/dev/log is missing. how do I fix?

Check if you have /run/systemd/journal/dev-log; it should be a socket:

$ ls -l /run/systemd/journal/dev-log
srw-rw-rw- 1 root root 0 Dec 16 09:17 /run/systemd/journal/dev-log

If this checks out, then you can simply make a symbolic link from /dev/log to /run/systemd/journal/dev-log:

sudo ln -s /run/systemd/journal/dev-log /dev/log

For me this ended up being a problem with how the imuxsock module used in rsyslog was working with systemd.

In the imuxsock documentation they walk through how the module is supposed to work for systemd. Step 1 was where I was seeing issues:

Step 1: Select name of system socket

  1. If the user has not explicitly chosen to set SysSock.Use="off" then the default listener socket (aka, “system log socket” or simply “system socket”) name is set to /dev/log. Otherwise, if the user has explicitly set SysSock.Use="off", then rsyslog will not listen on /dev/log OR any socket defined by the SysSock.Name parameter and the rest of this section does not apply.

  2. If the user has specified sysSock.Name="/path/to/custom/socket" (and not explicitly set SysSock.Use="off"), then the default listener socket name is overwritten with /path/to/custom/socket.

  3. Otherwise, if rsyslog is running under systemd AND /run/systemd/journal/syslog exists, (AND the user has not explicitly set SysSock.Use="off") then the default listener socket name is overwritten with /run/systemd/journal/syslog.
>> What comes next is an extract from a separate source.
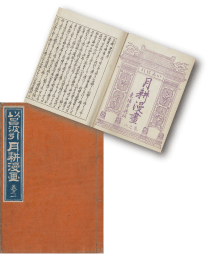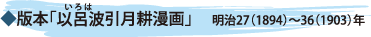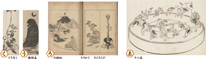 この版本は、月耕35才から44才までの10年間に渡り全3編21巻制作され、絵手本としてまた一般の人が手に取って楽しむ百科画集として人気を集めました。「北斎漫画」の明治版とも言われるその内容は、山水・花鳥・人物・道具類さらには妖怪や伝説など人間世界の森羅万象を描いた風俗百科であり、「い・ろ・は・に・ほ・へ・と・・・」と順番に描かれた絵の総数は1600図を超えます。

The system should have falling into Step 3 and changing the default path to be "/run/systemd/journal/syslog" but instead it was remaining "/var/log". This meant that the imuxsock module would try (and succeed sometimes) to create a socket at /dev/log where there should instead be symbolic link created by the systemd-journald-dev-log.socket. In the case that it would fail to create the real socket, the symbolic link would still be removed.

That documentation was the outcome of this issue reported on the rsyslog github. If you want to skip the discussion and jump straight to the changes see PR#1 and PR#2 respectively.

My solution was to just configure the imuxsock module to use the systemd path in my /etc/rsyslog.conf:

module(load="imuxsock"
    SysSock.Name="/run/systemd/journal/syslog")

This seems to have fixed my issue and sounds like a good solution here since it would explain why the symbolic link might disappear again after you would manually create it.

If you look on your system and "/run/systemd/journal/syslog" is not present look at the "syslog.socket" to see if it is starting successfully as that is what is responsible for creating the socket.

systemctl status syslog.socket

It could be that your version of rsyslog.service doesn't define syslog.service as an alias which is needed as the syslog.socket tries to active that service.

For what it is worth I am running on an embedded version of Linux so it isn't a perfect replication of the problem here, but it seemed relevant enough to share.